BEGIN
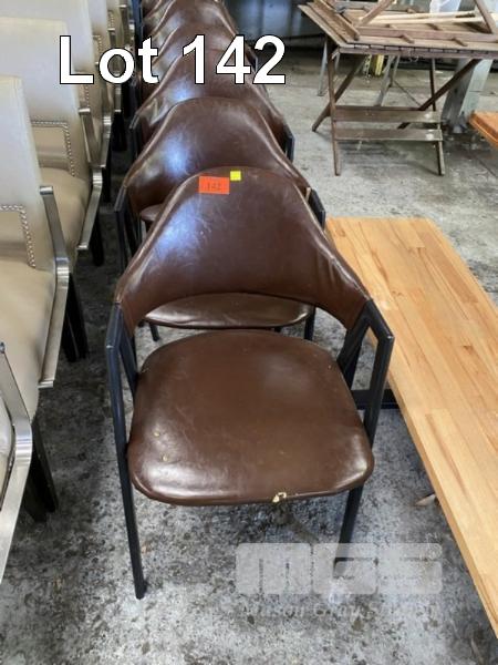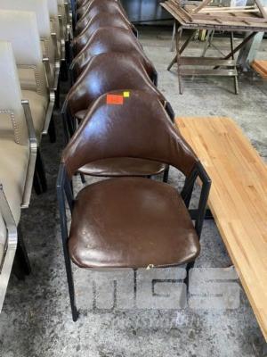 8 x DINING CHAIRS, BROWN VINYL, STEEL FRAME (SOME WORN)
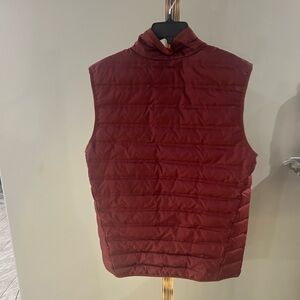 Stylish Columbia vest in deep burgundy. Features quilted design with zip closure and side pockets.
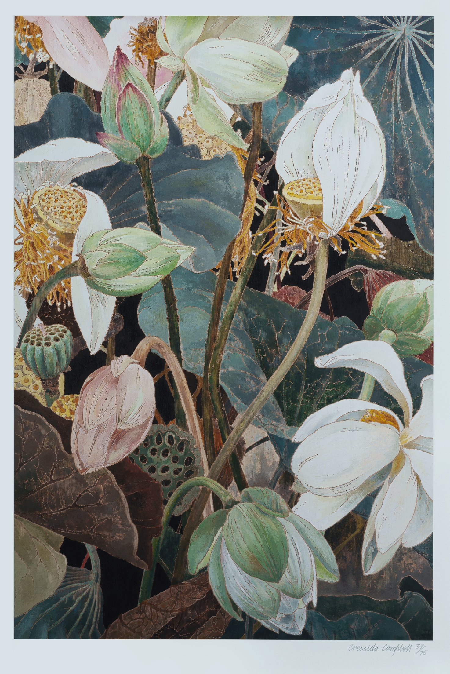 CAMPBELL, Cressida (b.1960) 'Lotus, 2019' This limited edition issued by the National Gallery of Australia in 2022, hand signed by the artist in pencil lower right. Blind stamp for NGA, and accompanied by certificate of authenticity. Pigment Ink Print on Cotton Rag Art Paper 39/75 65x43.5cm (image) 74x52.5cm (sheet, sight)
END
BEGIN
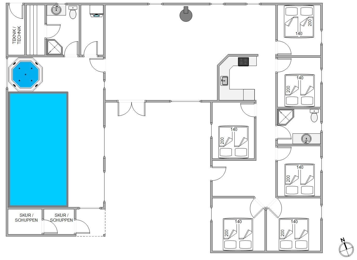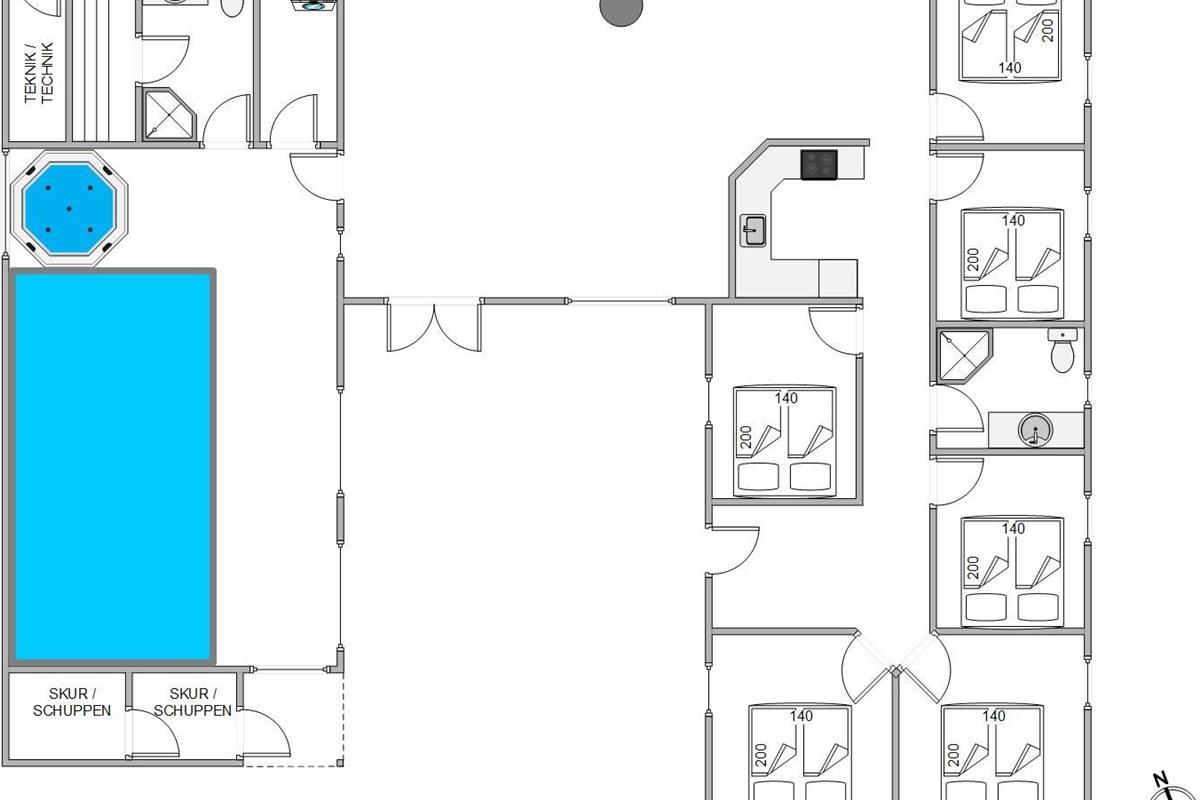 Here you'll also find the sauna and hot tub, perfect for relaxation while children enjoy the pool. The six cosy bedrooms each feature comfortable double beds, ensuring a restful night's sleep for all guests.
END
_TASK DIRECTIONS_. Within the data above, repeat exactly the lines from the one bearing "8 x DINING CHAIRS, BROWN" through the one bearing "CAMPBELL, Cressida (b.1960)". Include no pictures and nothing else.

_YOUR SOLUTION_.
 8 x DINING CHAIRS, BROWN VINYL, STEEL FRAME (SOME WORN)
 Stylish Columbia vest in deep burgundy. Features quilted design with zip closure and side pockets.
 CAMPBELL, Cressida (b.1960) 'Lotus, 2019' This limited edition issued by the National Gallery of Australia in 2022, hand signed by the artist in pencil lower right. Blind stamp for NGA, and accompanied by certificate of authenticity. Pigment Ink Print on Cotton Rag Art Paper 39/75 65x43.5cm (image) 74x52.5cm (sheet, sight)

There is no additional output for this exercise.